One of the most difficult challenges researchers faced when synthesizing nanoparticles (NPs) in batch methods was their inability to achieve consistent results and efficiency from batch to batch [30]. Another issue with batch mode synthesis is inhomogeneous size to nanoparticle instability [31]. As a result, the researchers sought alternative methods and solutions for synthesizing GNPs with uniform properties. Because of their high mixing efficiency, microreactors have grown in popularity. Microreactor technology has recently replaced batch methods as the primary method for synthesizing NPs owing to its numerous advantages [24]. The batch method requires a long residence time, and because of its large dimensions, it takes longer than a microreactor with small dimensions that stimulates interaction.

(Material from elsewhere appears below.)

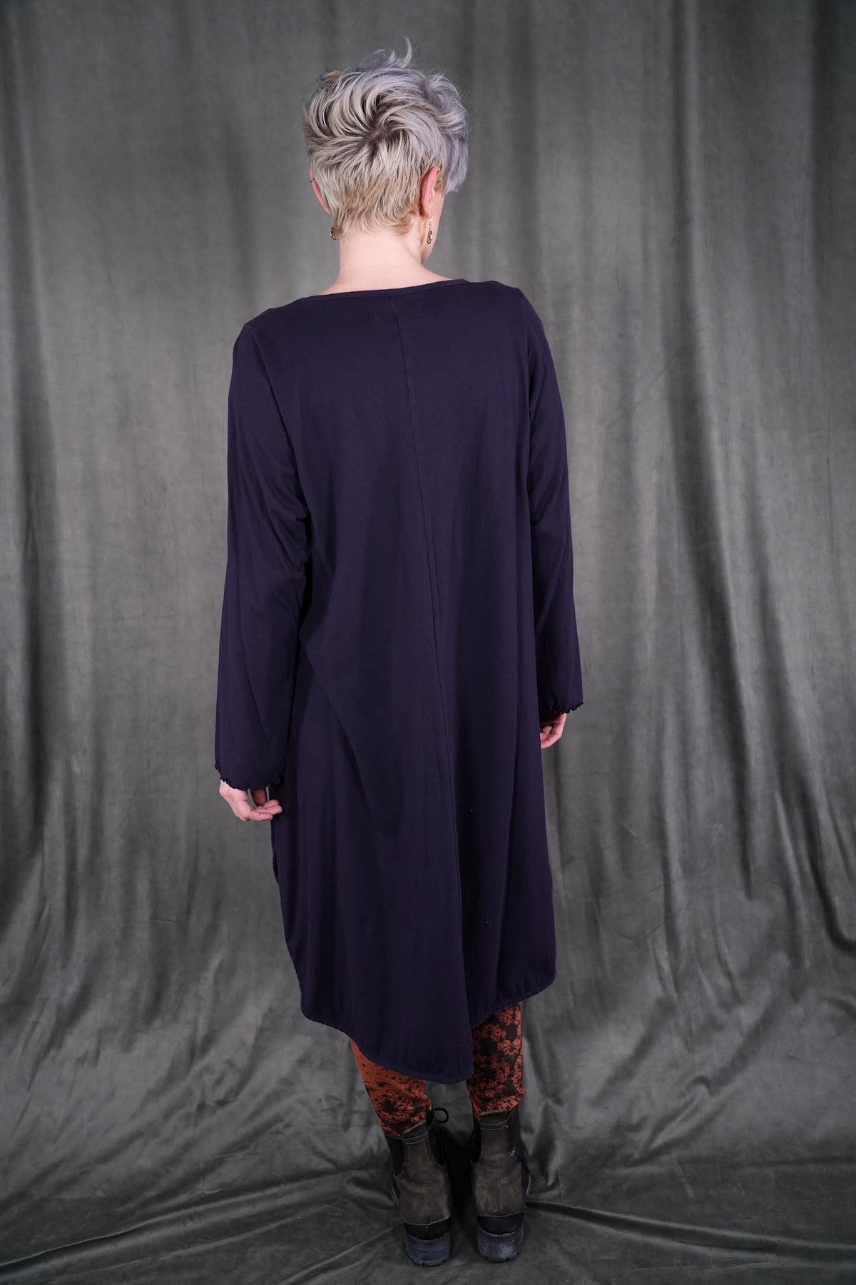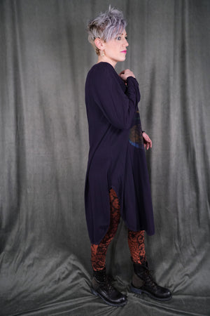 A new twist on our beloved longer tunic styles. This tunic has unique hem that curves upwards, leaving an elegant open slit on each side. This feature makes the fabric flow beautifully with movement.

Microreactors are techniques for creating chemical reactions in very small dimensions of less than a millimeter [32]. Because of the microsize and the very high surface area to volume ratio [33,34], which varies in the range of (10,000–50,000 m²/m³) [12], the use of microreactors results in good mixing. As a result, the NP size distribution improves. Furthermore, microfluidic devices have many features that have influenced the world’s preference for using them in a variety of applications. One of the most significant advantages of microfluidic devices is the ability to precisely control the shape and size of the resulting gold nanoparticles. The flow within the reactor divides the microreactor into two types: single-phase (continuous flow) and multi-phase flow (segmented flow) [35].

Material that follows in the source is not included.